But as always, the most important part of the session was your questions. Many of them couldn’t be answered fully in the time we had live. So we’re starting something new.
Welcome to the Hertility Expert Q&A series, a new post-webinar blog series where our clinical and research team answer your most pressing women’s health questions in depth.
This edition covers the questions submitted during our fertility science webinar, including:
This edition’s questions were answered by Emily Moreton, Clinical Services Manager at Hertility, fertility nurse, and registered nutritionist specialising in reproductive health. Emily holds a Master’s degree in Clinical Nutrition and Public Health from UCL and is a trained nutrition counsellor. Her work focuses on health-promoting behaviours, empowering individuals to improve their relationship with food, movement, and their body without restrictive dieting.
Her clinical expertise supports individuals in optimising fertility, managing PCOS and hormonal symptoms, maintaining a healthy pregnancy, and navigating menopause with confidence.
We’ve rounded up every answer here so nothing gets lost in your inbox.
If you’re trying to conceive, you’ve likely been told that folic acid is non-negotiable. But then you see supplements advertising “methylfolate” or “5-MTHF” and suddenly the choice feels far less straightforward. Here’s what you actually need to know.
The basics first. Folate is the natural form of vitamin B9 found in food. Folic acid is the synthetic version used in most prenatal supplements and fortified foods. Methylfolate, also known as 5-methyltetrahydrofolate (5-MTHF) is the biologically active form your body ultimately uses. When you take folic acid, your body converts it into methylfolate through a series of enzymatic steps. For most people, this happens efficiently.

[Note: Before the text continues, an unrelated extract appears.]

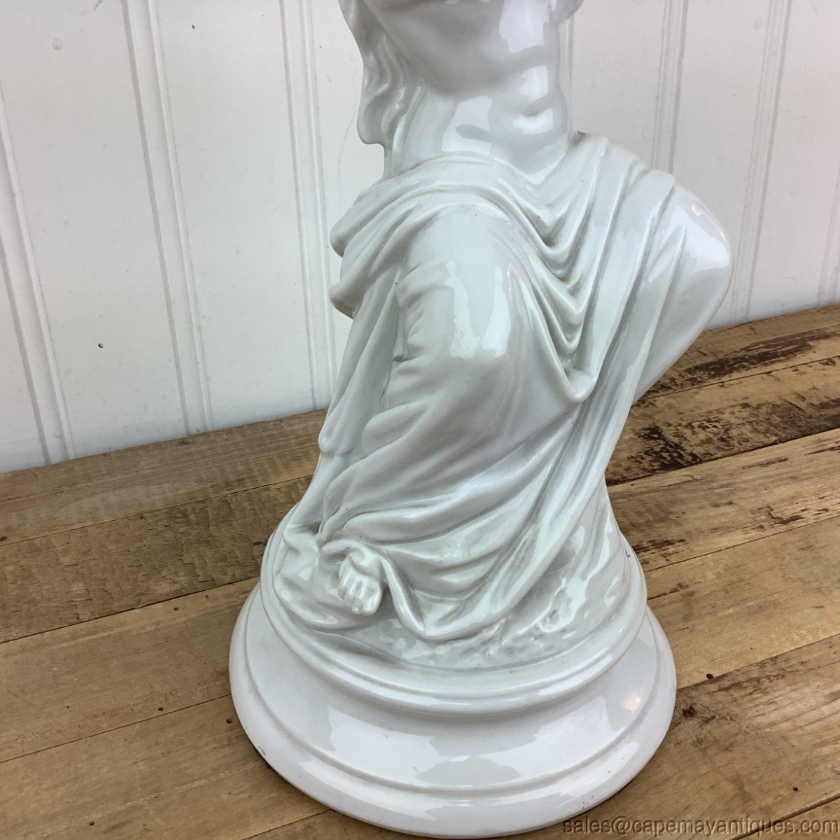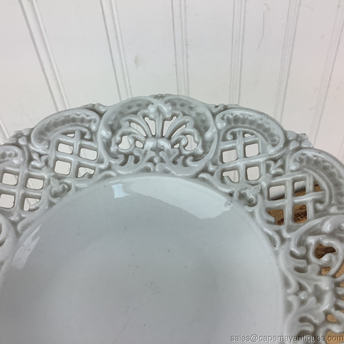 Lovely white porcelain tall statuary female figure holding a pierced plate or dish. The plate is removable and appears to have been glued and reglued. I am not sure if this is original to her but it fits perfectly and looks amazing. Will need to be reglued or tightened in some manner. 11.25" tall and plate is 8" diameter. Good clean condition with no damage, no chips etc. She is partially nude and graced with a floral wreath on her head. Draped robe at her waist. Very nice statuary piece for many uses. Great height accent piece.

The official recommendation is . 400mcg of folic acid for all women from three months before conception through the first 12 weeks of pregnancy to reduce the risk of neural tube defects (NTDs) like spinal bifida. This recommendation is backed by major health bodies including the NHS and CDC, and is supported by decades of large-scale clinical trial data. Folic acid is currently the only form of folate clinically proven in human trials to significantly reduce NTD risk.
So why does methylfolate exist as an alternative? Some people carry variations in a gene called MTHFR, which can reduce how effectively the body converts folic acid into its active form. For those individuals, methylfolate may raise blood folate levels more efficiently because it bypasses this conversion step entirely.
The catch is that methylfolate has not been put through the same rigorous, large-scale trials as folic acid for NTD prevention and at this point, it would be unethical to design such a trial, because it would require withholding a known protective intervention from pregnant women.
Which is better absorbed: Folic Acid or Methylfolate?
Folic acid is actually very well absorbed, and crucially it is the form used in the large clinical trials that proved it prevents neural tube defects like spina bifida. That is why public health bodies, including the NHS, recommend 400 micrograms of folic acid daily before conception and during the first trimester.
However, this dose needs to be increased to 5 milligrams daily (prescription-only in the UK) in certain higher-risk situations.
When is a higher 5mg dose of Folic Acid recommended?
A higher 5mg dose (prescription-only in the UK) may be recommended if you:
When might methylfolate be worth considering?
It may be appropriate in cases of known MTHFR variants, recurrent pregnancy loss, recurrent implantation failure, or where a previous pregnancy was affected by a neural tube defect despite folic acid supplementation. Hertility’s in-house clinical team or registered nutritionists and dieticians if you’d like some advice but ultimately it should be up to the individual to make an informed decision. A large number of fertility supplements now use methylfolate rather than folic acid and that shift isn’t without reason.
The reality is that experts are divided. Folic acid remains the gold standard in public health guidelines because it’s backed by decades of clinical trial data. Methylfolate is a promising and increasingly popular alternative, but it doesn’t yet carry the same evidence base for preventing neural tube defects in large-scale trials.
Which foods are richest in folate? Supplementation is important, but dietary sources matter too. Good sources include spinach, kale, Brussels sprouts, broccoli, beans and lentils, eggs, oranges, fortified breakfast cereals, nuts and seeds, and wholegrains. Because folate is water-soluble and lost during cooking, steaming or microwaving vegetables rather than boiling helps preserve it.
The bottom line: for most women, folic acid remains the evidence-backed standard. If you have reason to believe methylfolate may be more appropriate for you, whether due to a genetic variant or a history of pregnancy complications, speak with your GP or Hertility’s clinical team before switching.
PCOS is one of the most common hormonal conditions affecting women of reproductive age and one of the most common causes of irregular ovulation. Search online for the “best diet for PCOS fertility” or “how to improve ovulation naturally with PCOS,” and you’ll be met with extremes: cut carbs, go keto, eliminate gluten, try fasting. The evidence doesn’t support most of it.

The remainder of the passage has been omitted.